Activity: Please copy the lines below, exactly as they are, from the one with "Mod de Preparare: Taiati" through the one with "图3. 循环老化及日历老化过程中的SEI成分演变分析。", and leave out the pictures.

Records provided:
+++

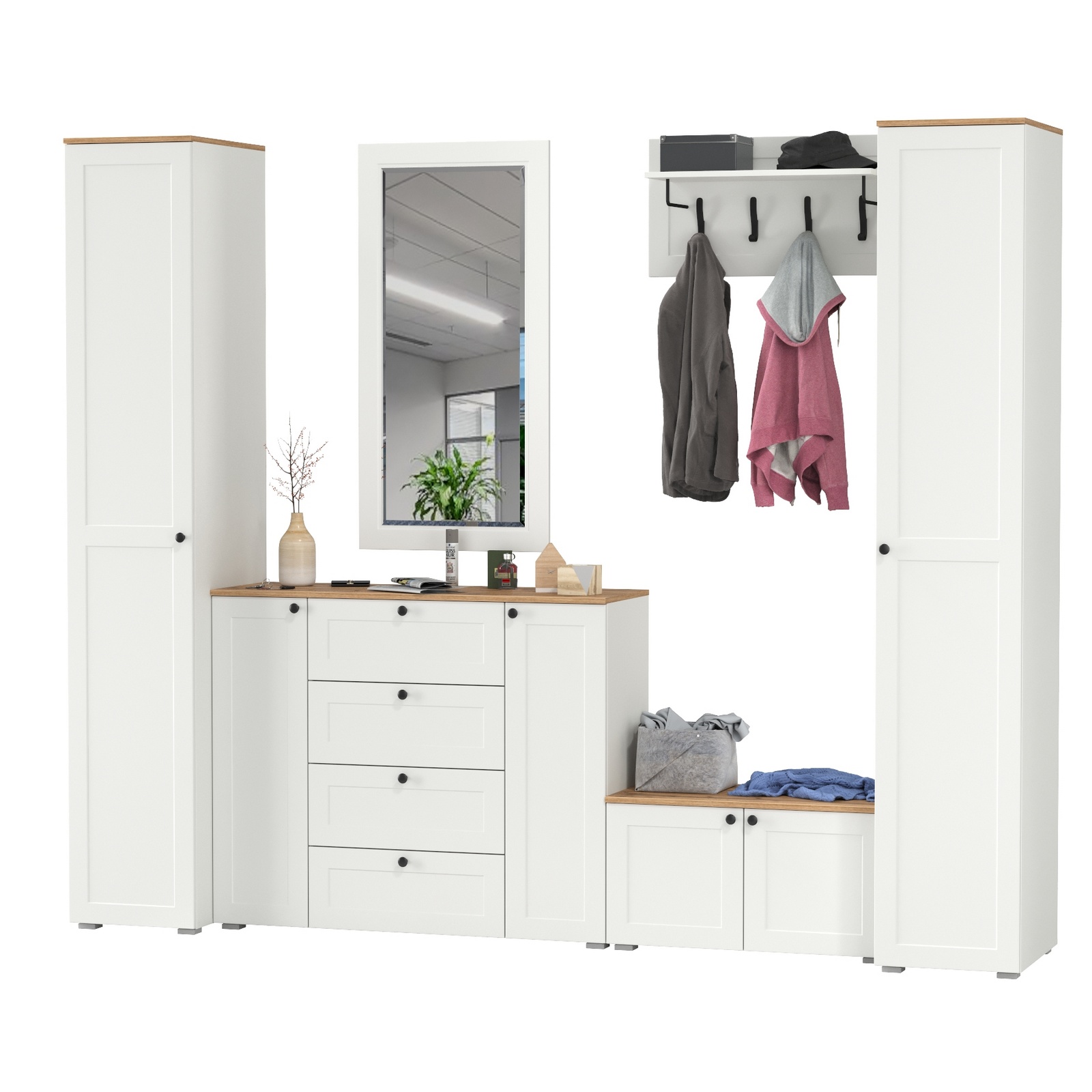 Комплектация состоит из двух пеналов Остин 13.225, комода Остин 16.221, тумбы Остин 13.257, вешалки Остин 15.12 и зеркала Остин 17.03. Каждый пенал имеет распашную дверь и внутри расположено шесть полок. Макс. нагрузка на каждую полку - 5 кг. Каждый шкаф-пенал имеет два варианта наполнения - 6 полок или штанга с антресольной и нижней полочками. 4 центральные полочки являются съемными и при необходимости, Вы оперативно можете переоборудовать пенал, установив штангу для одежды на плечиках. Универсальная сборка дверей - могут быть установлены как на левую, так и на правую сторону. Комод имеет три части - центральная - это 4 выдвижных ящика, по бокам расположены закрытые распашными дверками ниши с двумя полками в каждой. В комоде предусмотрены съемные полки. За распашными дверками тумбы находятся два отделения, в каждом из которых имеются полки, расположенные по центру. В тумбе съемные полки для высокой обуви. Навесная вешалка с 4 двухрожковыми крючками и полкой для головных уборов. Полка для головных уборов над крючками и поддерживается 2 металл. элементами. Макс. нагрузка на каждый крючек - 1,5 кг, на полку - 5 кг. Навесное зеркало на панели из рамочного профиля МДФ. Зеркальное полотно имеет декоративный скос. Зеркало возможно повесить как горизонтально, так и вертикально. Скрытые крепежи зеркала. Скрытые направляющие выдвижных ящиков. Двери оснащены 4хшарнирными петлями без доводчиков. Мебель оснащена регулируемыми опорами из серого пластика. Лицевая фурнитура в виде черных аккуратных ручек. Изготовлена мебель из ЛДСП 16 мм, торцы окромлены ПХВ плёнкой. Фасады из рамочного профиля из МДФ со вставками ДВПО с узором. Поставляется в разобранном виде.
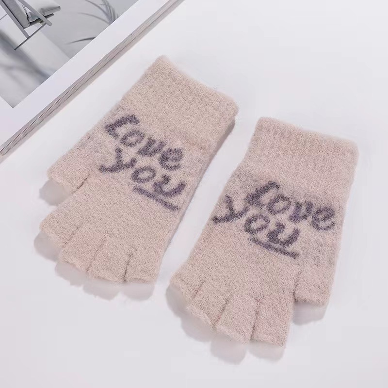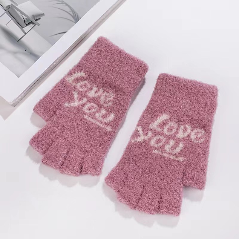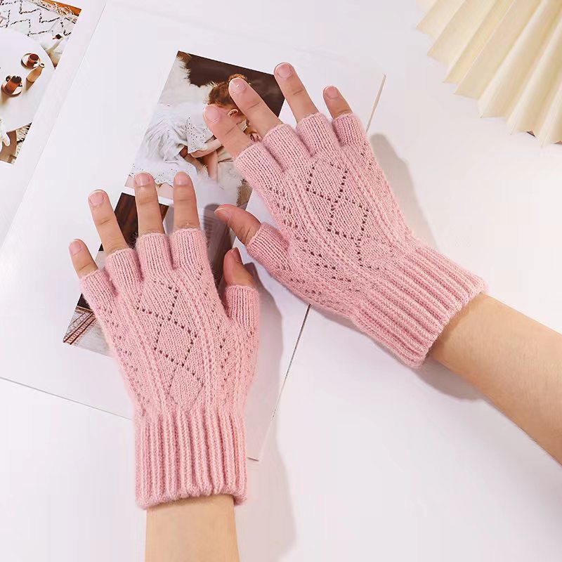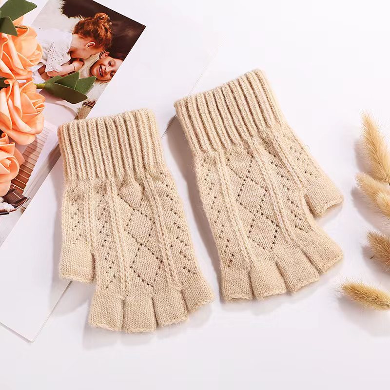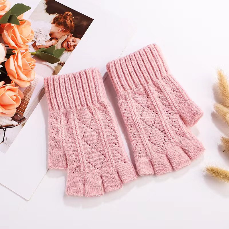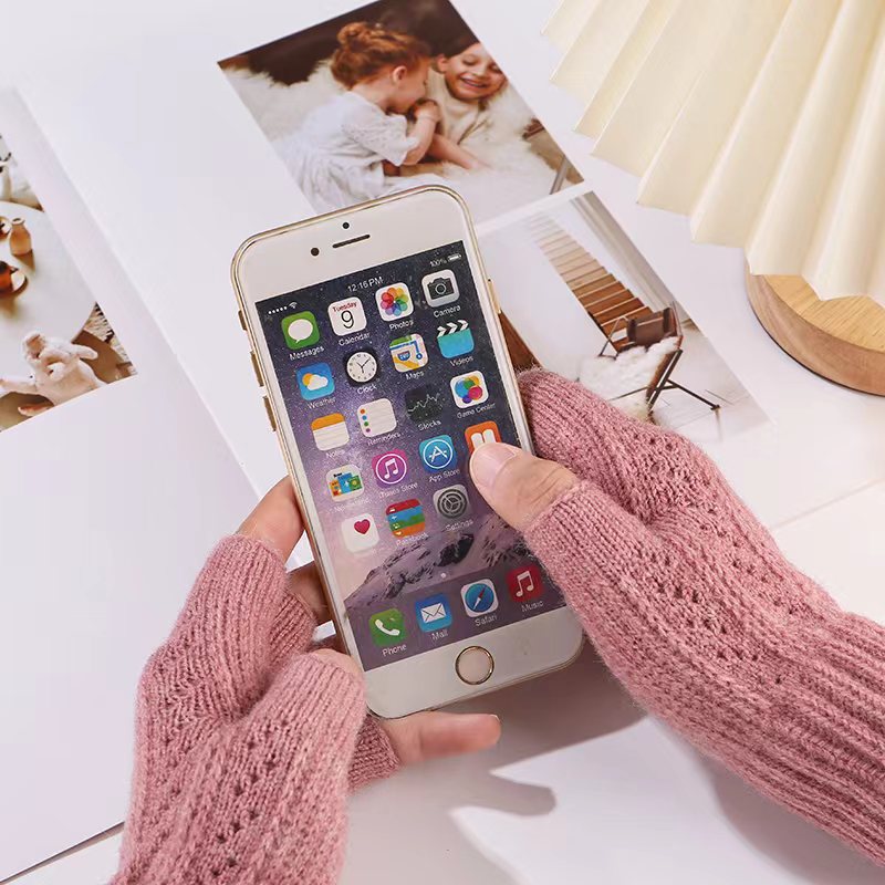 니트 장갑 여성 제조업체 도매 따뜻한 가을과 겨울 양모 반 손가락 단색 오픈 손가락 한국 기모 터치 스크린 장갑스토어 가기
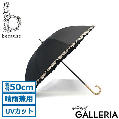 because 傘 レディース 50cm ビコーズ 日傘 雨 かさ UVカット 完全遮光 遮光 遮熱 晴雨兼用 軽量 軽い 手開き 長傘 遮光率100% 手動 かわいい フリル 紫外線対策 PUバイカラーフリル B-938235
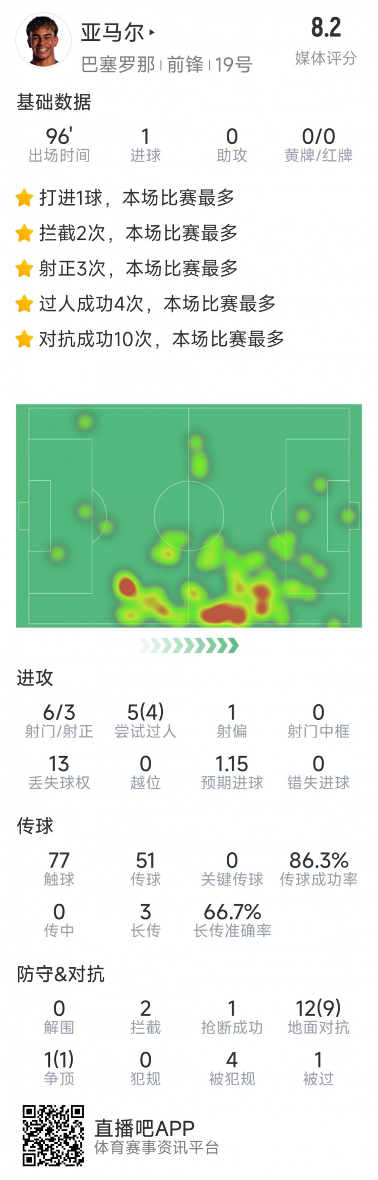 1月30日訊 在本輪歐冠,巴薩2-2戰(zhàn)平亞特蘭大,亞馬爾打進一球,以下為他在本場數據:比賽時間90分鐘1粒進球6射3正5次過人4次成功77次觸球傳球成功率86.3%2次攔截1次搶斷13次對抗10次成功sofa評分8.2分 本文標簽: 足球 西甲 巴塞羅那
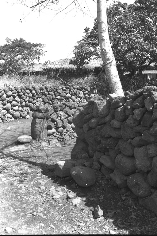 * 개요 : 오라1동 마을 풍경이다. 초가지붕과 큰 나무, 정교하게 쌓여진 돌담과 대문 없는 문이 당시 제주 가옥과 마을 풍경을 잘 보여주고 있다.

+++

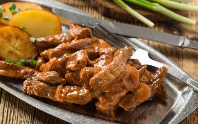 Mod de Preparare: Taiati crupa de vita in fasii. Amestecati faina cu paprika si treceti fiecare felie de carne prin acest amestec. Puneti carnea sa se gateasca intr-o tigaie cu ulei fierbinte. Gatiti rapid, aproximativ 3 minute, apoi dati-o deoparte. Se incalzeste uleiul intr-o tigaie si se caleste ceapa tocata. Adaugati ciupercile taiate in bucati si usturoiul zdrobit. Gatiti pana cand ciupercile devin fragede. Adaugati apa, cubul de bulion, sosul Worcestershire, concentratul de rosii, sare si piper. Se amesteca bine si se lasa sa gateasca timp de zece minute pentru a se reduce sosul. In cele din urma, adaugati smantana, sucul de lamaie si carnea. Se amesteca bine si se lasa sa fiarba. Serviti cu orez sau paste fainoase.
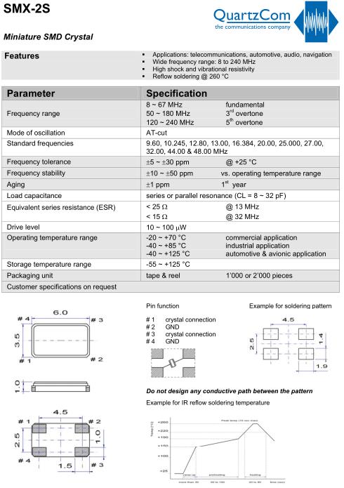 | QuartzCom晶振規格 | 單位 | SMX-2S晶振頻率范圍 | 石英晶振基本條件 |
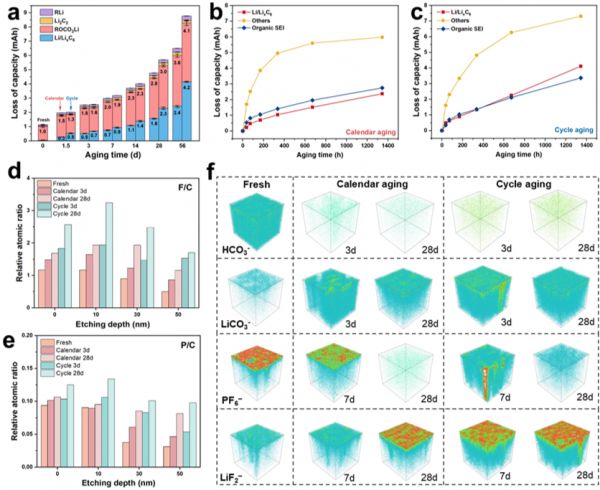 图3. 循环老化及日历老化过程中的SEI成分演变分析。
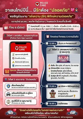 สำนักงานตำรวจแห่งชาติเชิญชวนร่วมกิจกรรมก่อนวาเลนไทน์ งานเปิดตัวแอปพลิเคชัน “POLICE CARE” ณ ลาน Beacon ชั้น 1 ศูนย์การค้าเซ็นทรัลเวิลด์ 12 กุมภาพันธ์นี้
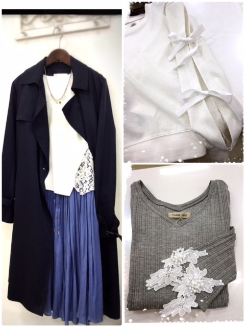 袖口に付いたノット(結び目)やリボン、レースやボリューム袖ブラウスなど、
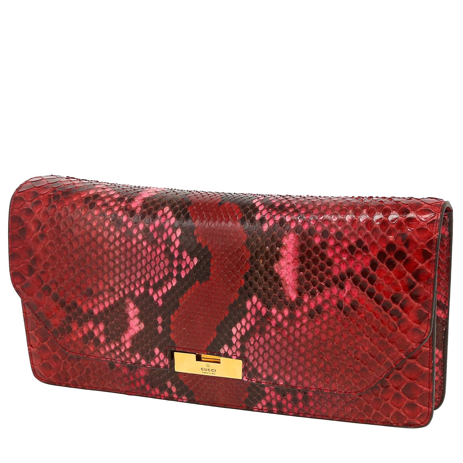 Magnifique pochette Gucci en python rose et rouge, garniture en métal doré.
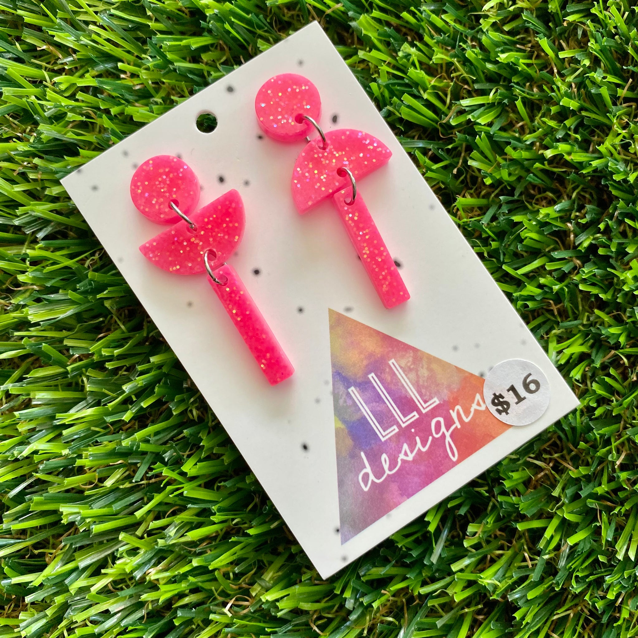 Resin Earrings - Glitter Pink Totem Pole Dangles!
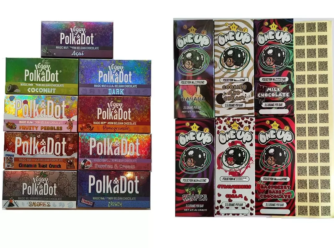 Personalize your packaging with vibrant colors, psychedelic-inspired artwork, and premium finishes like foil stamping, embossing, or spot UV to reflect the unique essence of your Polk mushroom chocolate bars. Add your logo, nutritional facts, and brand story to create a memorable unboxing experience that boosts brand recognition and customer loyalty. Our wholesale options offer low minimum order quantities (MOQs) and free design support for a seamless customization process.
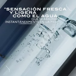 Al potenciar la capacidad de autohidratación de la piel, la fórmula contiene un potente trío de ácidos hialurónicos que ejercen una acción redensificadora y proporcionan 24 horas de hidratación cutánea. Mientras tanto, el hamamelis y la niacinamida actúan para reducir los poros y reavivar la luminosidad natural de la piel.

+++

Your solution:
 Mod de Preparare: Taiati crupa de vita in fasii. Amestecati faina cu paprika si treceti fiecare felie de carne prin acest amestec. Puneti carnea sa se gateasca intr-o tigaie cu ulei fierbinte. Gatiti rapid, aproximativ 3 minute, apoi dati-o deoparte. Se incalzeste uleiul intr-o tigaie si se caleste ceapa tocata. Adaugati ciupercile taiate in bucati si usturoiul zdrobit. Gatiti pana cand ciupercile devin fragede. Adaugati apa, cubul de bulion, sosul Worcestershire, concentratul de rosii, sare si piper. Se amesteca bine si se lasa sa gateasca timp de zece minute pentru a se reduce sosul. In cele din urma, adaugati smantana, sucul de lamaie si carnea. Se amesteca bine si se lasa sa fiarba. Serviti cu orez sau paste fainoase.
 | QuartzCom晶振規格 | 單位 | SMX-2S晶振頻率范圍 | 石英晶振基本條件 |
 图3. 循环老化及日历老化过程中的SEI成分演变分析。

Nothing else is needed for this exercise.